_EXERCISE_.
With the pictures omitted, write out all of the listing exactly.

_SUPPLIED INFORMATION_.
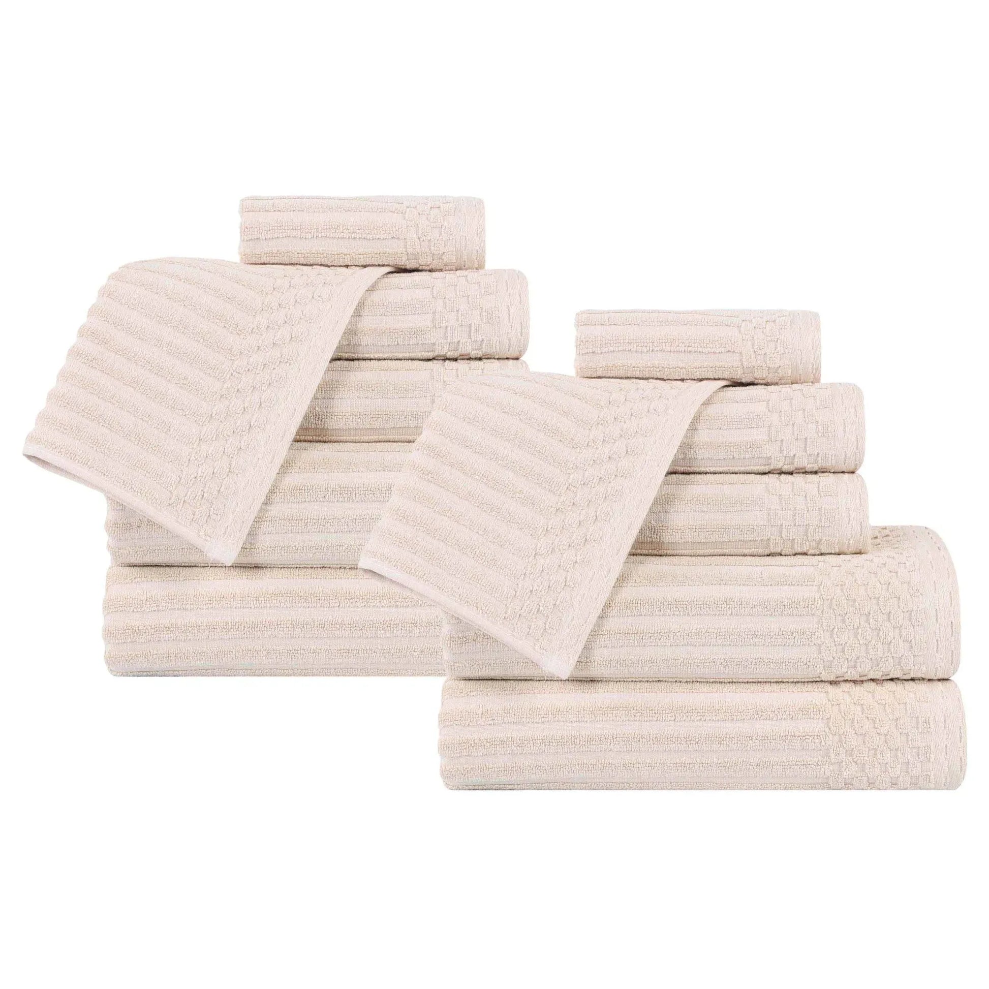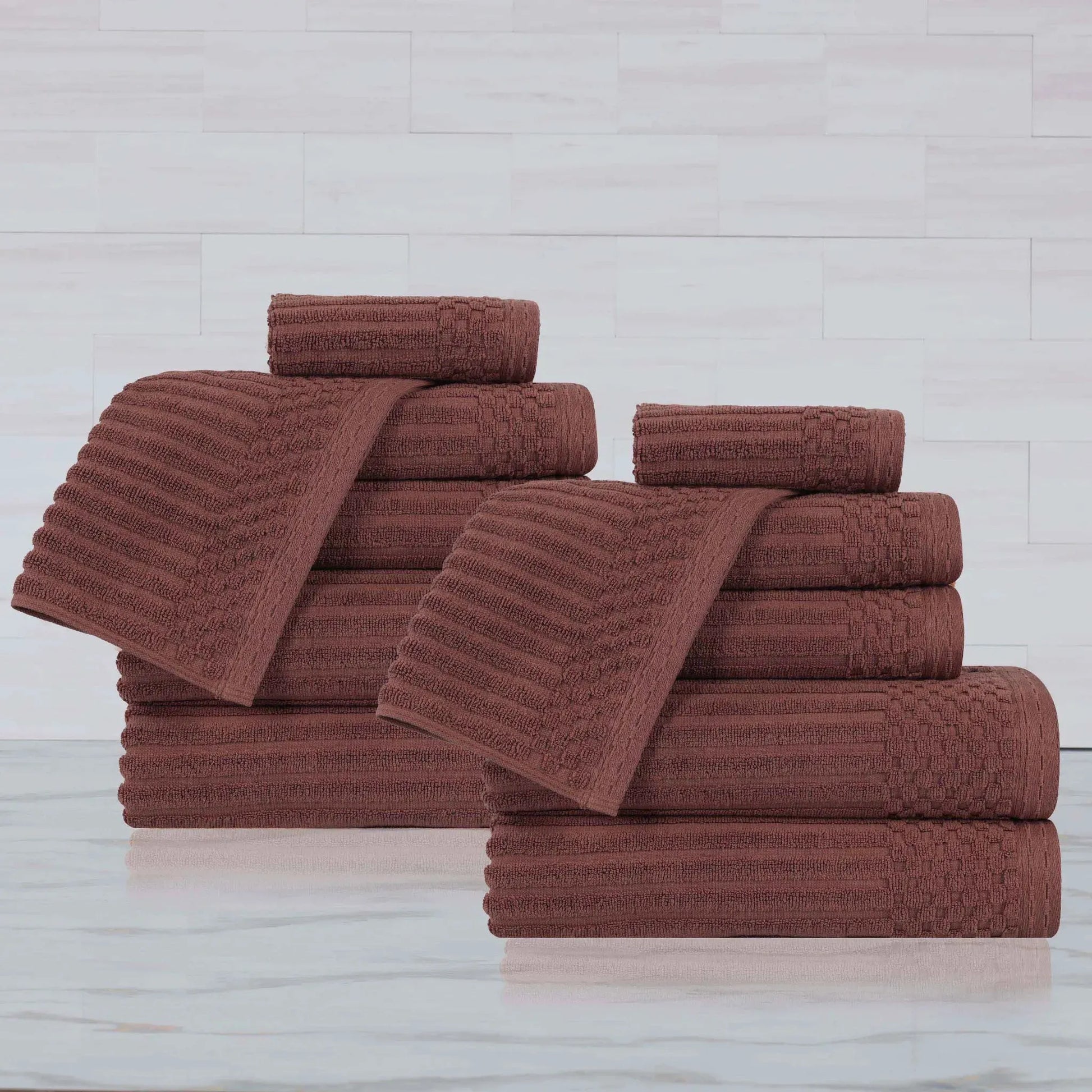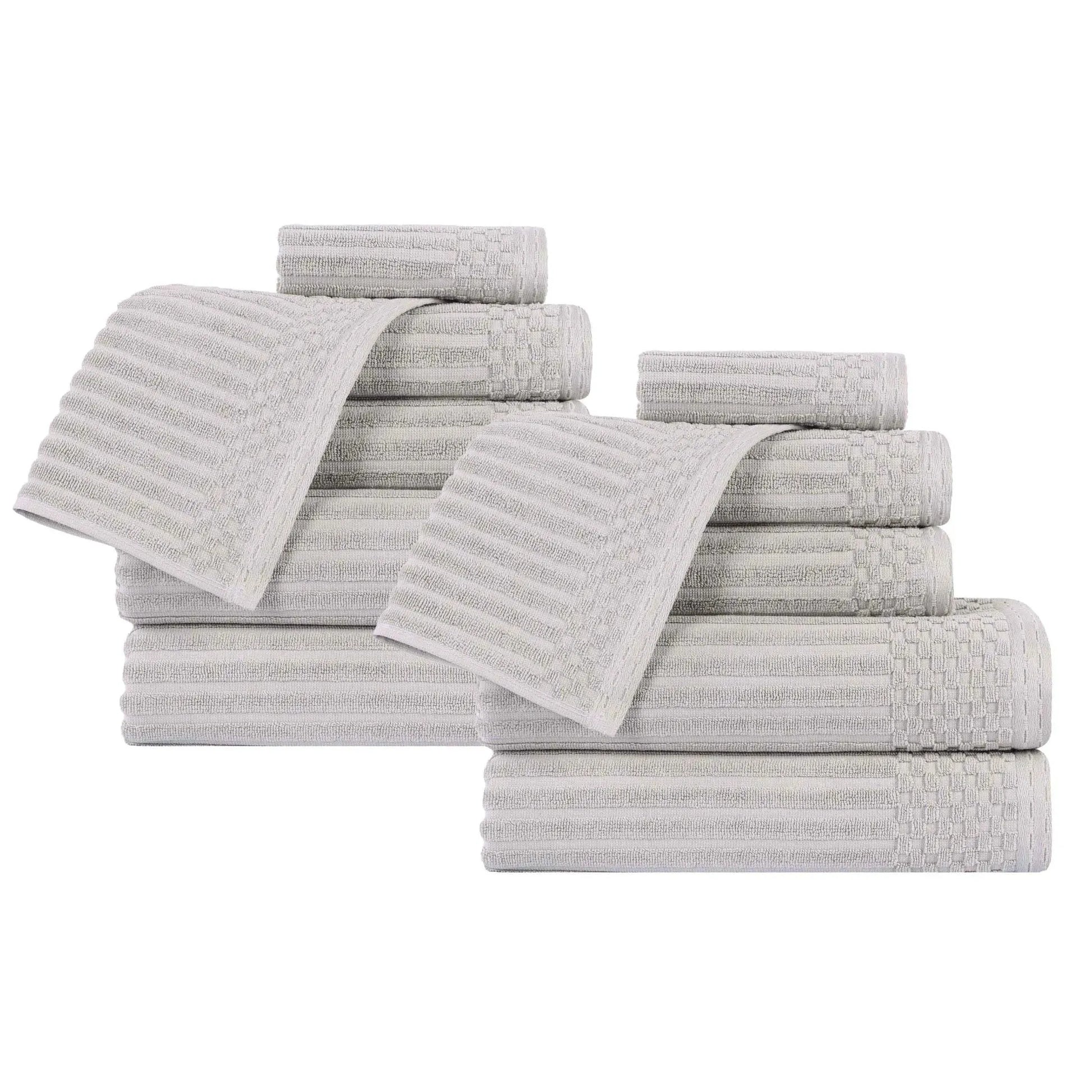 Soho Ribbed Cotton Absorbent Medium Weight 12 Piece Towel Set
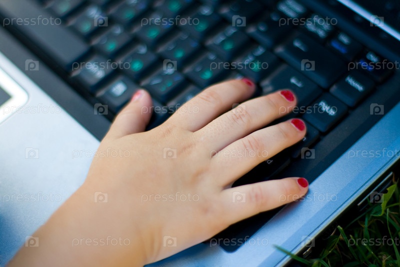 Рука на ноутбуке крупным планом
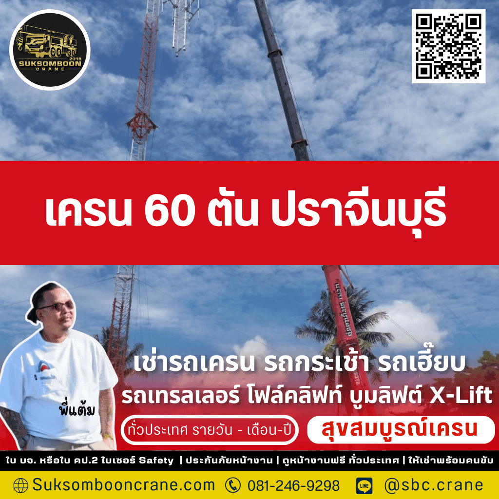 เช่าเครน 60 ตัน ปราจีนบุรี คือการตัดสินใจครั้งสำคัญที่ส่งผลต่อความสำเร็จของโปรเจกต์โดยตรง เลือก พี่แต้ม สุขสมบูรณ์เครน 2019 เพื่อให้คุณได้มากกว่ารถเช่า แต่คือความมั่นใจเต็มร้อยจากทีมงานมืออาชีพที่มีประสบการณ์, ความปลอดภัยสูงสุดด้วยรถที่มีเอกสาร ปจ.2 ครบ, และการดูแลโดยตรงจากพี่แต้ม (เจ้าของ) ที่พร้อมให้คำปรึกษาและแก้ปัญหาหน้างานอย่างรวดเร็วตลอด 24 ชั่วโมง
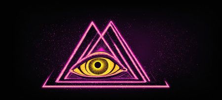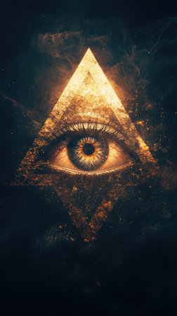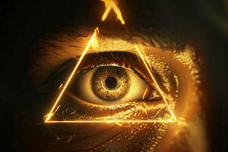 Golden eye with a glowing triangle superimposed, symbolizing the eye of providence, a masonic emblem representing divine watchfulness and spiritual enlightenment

_RESULT FOR THIS EXERCISE_.
 Soho Ribbed Cotton Absorbent Medium Weight 12 Piece Towel Set
 Рука на ноутбуке крупным планом
 เช่าเครน 60 ตัน ปราจีนบุรี คือการตัดสินใจครั้งสำคัญที่ส่งผลต่อความสำเร็จของโปรเจกต์โดยตรง เลือก พี่แต้ม สุขสมบูรณ์เครน 2019 เพื่อให้คุณได้มากกว่ารถเช่า แต่คือความมั่นใจเต็มร้อยจากทีมงานมืออาชีพที่มีประสบการณ์, ความปลอดภัยสูงสุดด้วยรถที่มีเอกสาร ปจ.2 ครบ, และการดูแลโดยตรงจากพี่แต้ม (เจ้าของ) ที่พร้อมให้คำปรึกษาและแก้ปัญหาหน้างานอย่างรวดเร็วตลอด 24 ชั่วโมง
 Golden eye with a glowing triangle superimposed, symbolizing the eye of providence, a masonic emblem representing divine watchfulness and spiritual enlightenment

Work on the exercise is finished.